Until the beginning of the twenty-first century, key cultural techniques we used to represent and reason about the world and other humans included natural languages, capturing reality as media information (photos, videos, and audio recordings), map making, logic, calculus, and digital computers. The core concepts of the data society we covered are now as important. They form the data society’s mind—the particular ways of encountering, understanding, and acting on the world and the humans in it. And this is why even if you have no intention of doing practical cultural analytics research yourself, you still need to become familiar with these new data-centered cultural techniques.2

Contemporary data science includes hundreds of algorithms and dozens of methods for working with data. They belong to a number of larger areas defined by different types of operations—data preparation, exploratory data analysis (including visualization), descriptive statistics, unsupervised machine learning (clustering, dimension reduction, etc.), statistical models, supervised machine learning (with its main applications—classification and regression), time series analysis, network analysis, and others. Some of these areas had already started to develop in the first decades of the twentieth century; others became popular only recently because their algorithms and methods require faster computers or rely on very large datasets.
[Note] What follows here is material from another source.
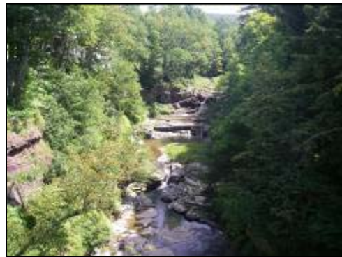
Figure 2.5.8. Lower Manor Kill contains a large amount of bedrock control.

The presence of bedrock sills and banks is an additional geologic unit equally important in characterizing geology for stream corridor management (Photo 2.5.8). These hydraulic controls can represent natural limits to changes in the stream channel system caused by incision or lateral migration. An example is the occasional bedrock stream banks along the course of the Manor Kill, and the large amount of bedrock as the stream falls into the reservoir.

Among these areas, two in particular are so important today that we can think of them as types of data society’s cognition: unsupervised machine learning and supervised machine learning. In our work, we focus on the first as opposed to the second because we want to see the structures of cultural fields and their “landscapes” and find groupings and connections that can be revealed by starting with objects’ features—rather than impose existing categories and classification systems on cultural data. But you should become familiar with both approaches because both can be used creatively. Certainly, both descriptive statistics and visualization should be also in your toolbox. Among all other areas, network analysis and time series analysis are particularly relevant for exploring culture, in my view. And you should learn methods specific to the particular media type you are interested in—natural language processing, computer vison, music information retrieval, or spatial analysis (used for analysis of texts, images and videos, music and sound, and space).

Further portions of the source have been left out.